▶ **YOUR TASK**
Across the whole listing, return each line exactly, with no images included.

▶ **DATA EXCERPTS**
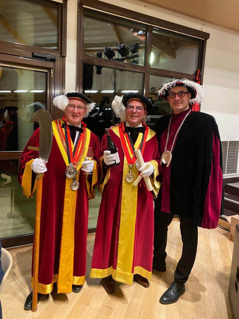 Les représentants de notre Confrérie, Jacques Lecomte Grand Maître et Antoine Van Der Hecht du Docte Collège, ont été honorés lors du chapitre par leur intronisation dans la Commanderie.
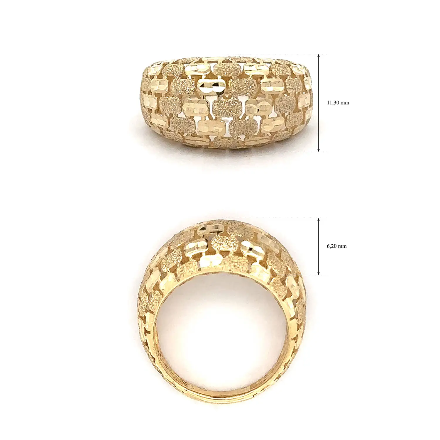 Tento výrazný zlatý prsten s mozaikovou strukturou vyniká svým unikátním designem, který kombinuje hladké lesklé plochy s jemně pískovanými detaily. Společně vytvářejí působivý efekt hry světla, díky kterému prsten okamžitě zaujme svou texturou a hloubkou. Šperk je vyroben z kvalitního žlutého zlata, které mu dodává teplý tón a nadčasový charakter, a jeho plnější tvar elegantně obepíná prst.
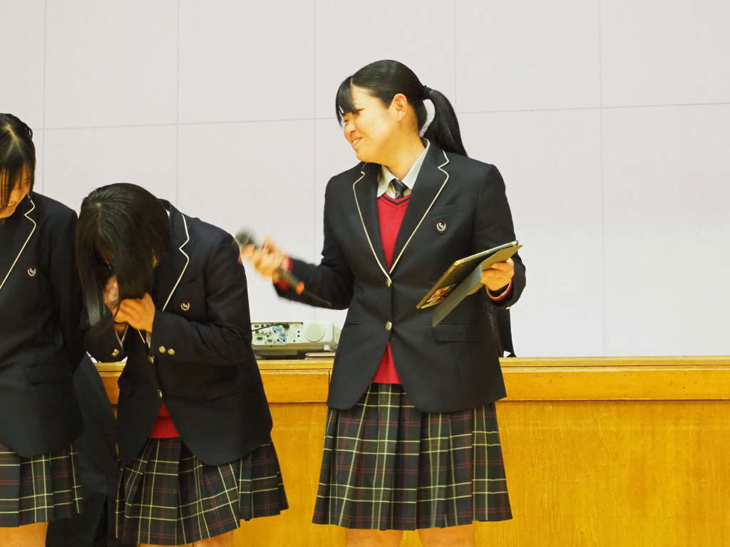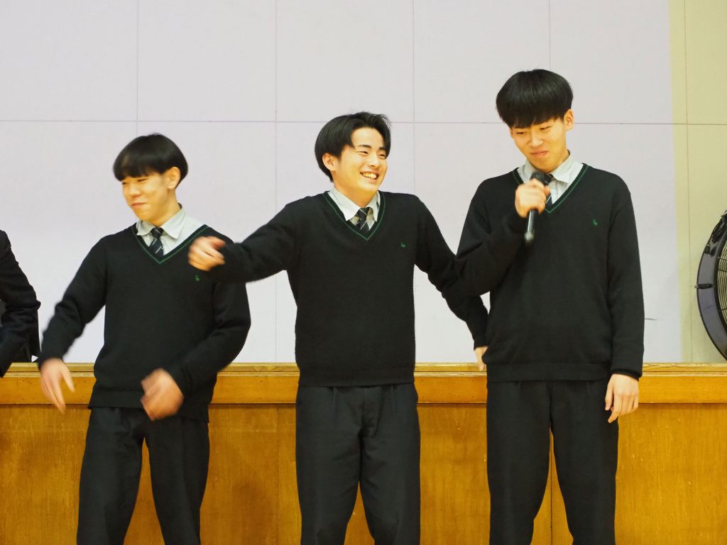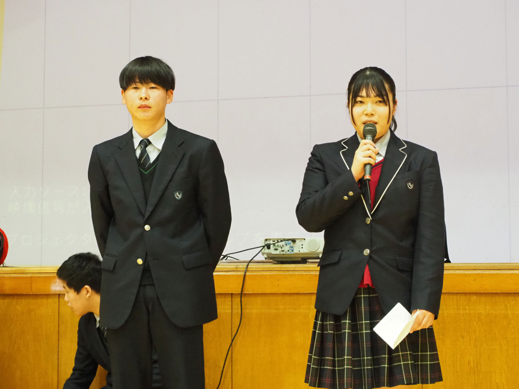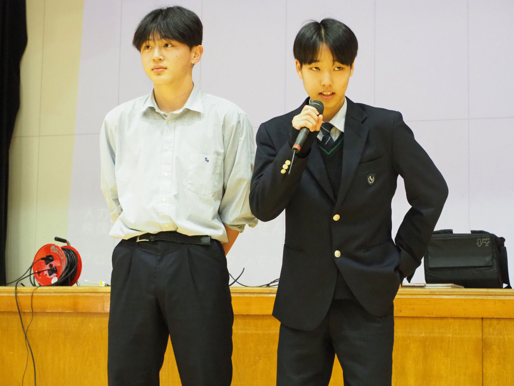 今年の部活動紹介は各部の先輩たちによるコント風の紹介や、オリジナル動画による紹介など、工夫を凝らした紹介が行われました。
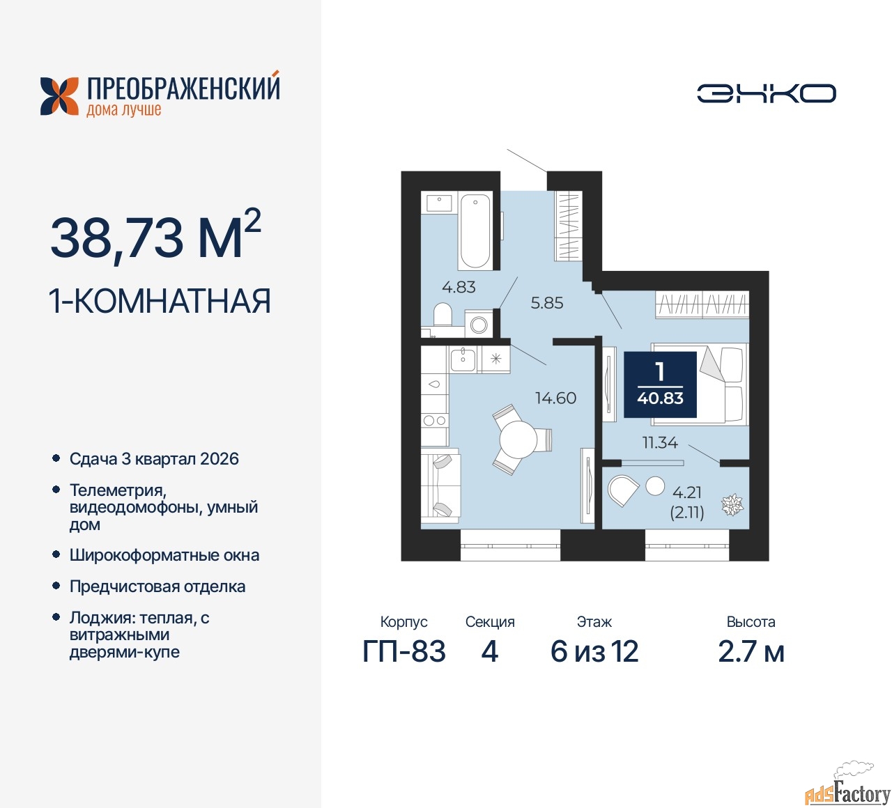 Дом монолитный, многоподъездный, переменной этажности, от 8 до 12 этажей. Квартира находится в 4-й секции высотой 12 этажей в корпусе ГП-83. На этаже 6 квартир. В подъезде 1 пассажирский и 1 грузовой лифт. Начало строительства - 4 квартал 2023 года. Окончание строительства - 3 квартал 2026 года. Оформление сделки по договору долевого участия.
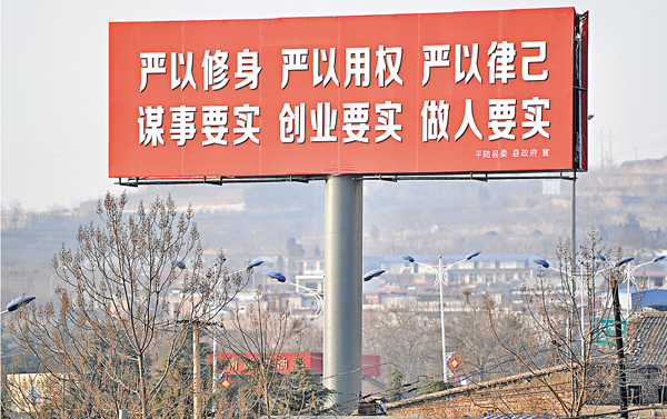 ■山西省曾遭塌方式腐敗,運城市平陸縣政府在街頭樹立廉政標語警戒黨員幹部。 資料圖片
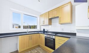 The modern kitchen is thoughtfully designed with a range of wall and base units, complemented by stylish work surfaces. It features an integrated oven and space for additional appliances, catering to all your culinary needs. The kitchen’s layout ensures efficient use of space while maintaining a contemporary aesthetic.
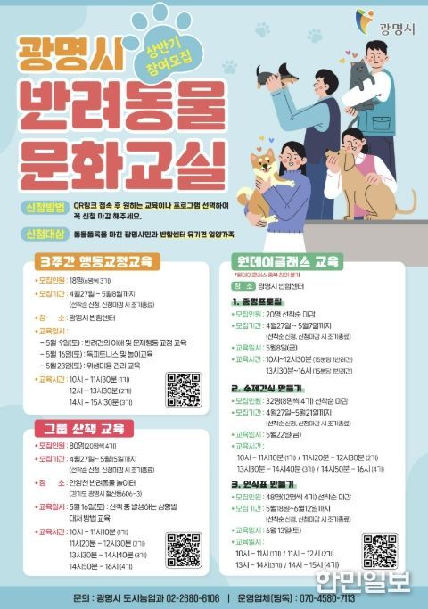 한민일보 서울포커스 임광현 기자 | 광명시가 반려인과 반려견의 행복한 일상을 위한 맞춤형 교육 프로그램을 운영한다.
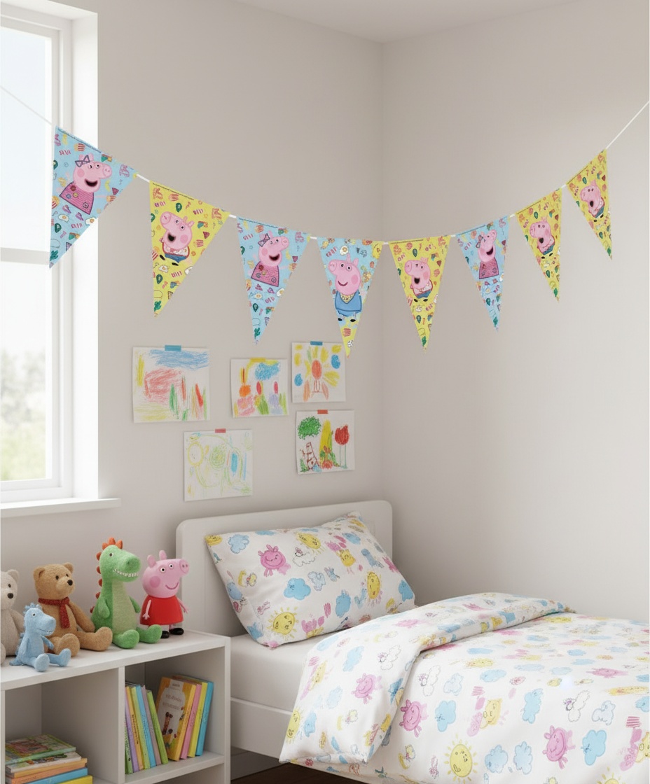 Med denne guirlande kan du hurtigt og nemt forvandle dit hjem til en festlig oase, som børnene vil huske længe. De farverige flag med billeder af Gurli Gris vil helt sikkert bringe smil på alles læber og gøre festen ekstra speciel. Kombiner guirlanden med andet fødselsdagspynt for at skabe en fuldendt og magisk fødselsdagsoplevelse.

▶ **THE COMPLETED TASK**
 Les représentants de notre Confrérie, Jacques Lecomte Grand Maître et Antoine Van Der Hecht du Docte Collège, ont été honorés lors du chapitre par leur intronisation dans la Commanderie.
 Tento výrazný zlatý prsten s mozaikovou strukturou vyniká svým unikátním designem, který kombinuje hladké lesklé plochy s jemně pískovanými detaily. Společně vytvářejí působivý efekt hry světla, díky kterému prsten okamžitě zaujme svou texturou a hloubkou. Šperk je vyroben z kvalitního žlutého zlata, které mu dodává teplý tón a nadčasový charakter, a jeho plnější tvar elegantně obepíná prst.
 今年の部活動紹介は各部の先輩たちによるコント風の紹介や、オリジナル動画による紹介など、工夫を凝らした紹介が行われました。
 Дом монолитный, многоподъездный, переменной этажности, от 8 до 12 этажей. Квартира находится в 4-й секции высотой 12 этажей в корпусе ГП-83. На этаже 6 квартир. В подъезде 1 пассажирский и 1 грузовой лифт. Начало строительства - 4 квартал 2023 года. Окончание строительства - 3 квартал 2026 года. Оформление сделки по договору долевого участия.
 ■山西省曾遭塌方式腐敗,運城市平陸縣政府在街頭樹立廉政標語警戒黨員幹部。 資料圖片
 The modern kitchen is thoughtfully designed with a range of wall and base units, complemented by stylish work surfaces. It features an integrated oven and space for additional appliances, catering to all your culinary needs. The kitchen’s layout ensures efficient use of space while maintaining a contemporary aesthetic.
 한민일보 서울포커스 임광현 기자 | 광명시가 반려인과 반려견의 행복한 일상을 위한 맞춤형 교육 프로그램을 운영한다.
 Med denne guirlande kan du hurtigt og nemt forvandle dit hjem til en festlig oase, som børnene vil huske længe. De farverige flag med billeder af Gurli Gris vil helt sikkert bringe smil på alles læber og gøre festen ekstra speciel. Kombiner guirlanden med andet fødselsdagspynt for at skabe en fuldendt og magisk fødselsdagsoplevelse.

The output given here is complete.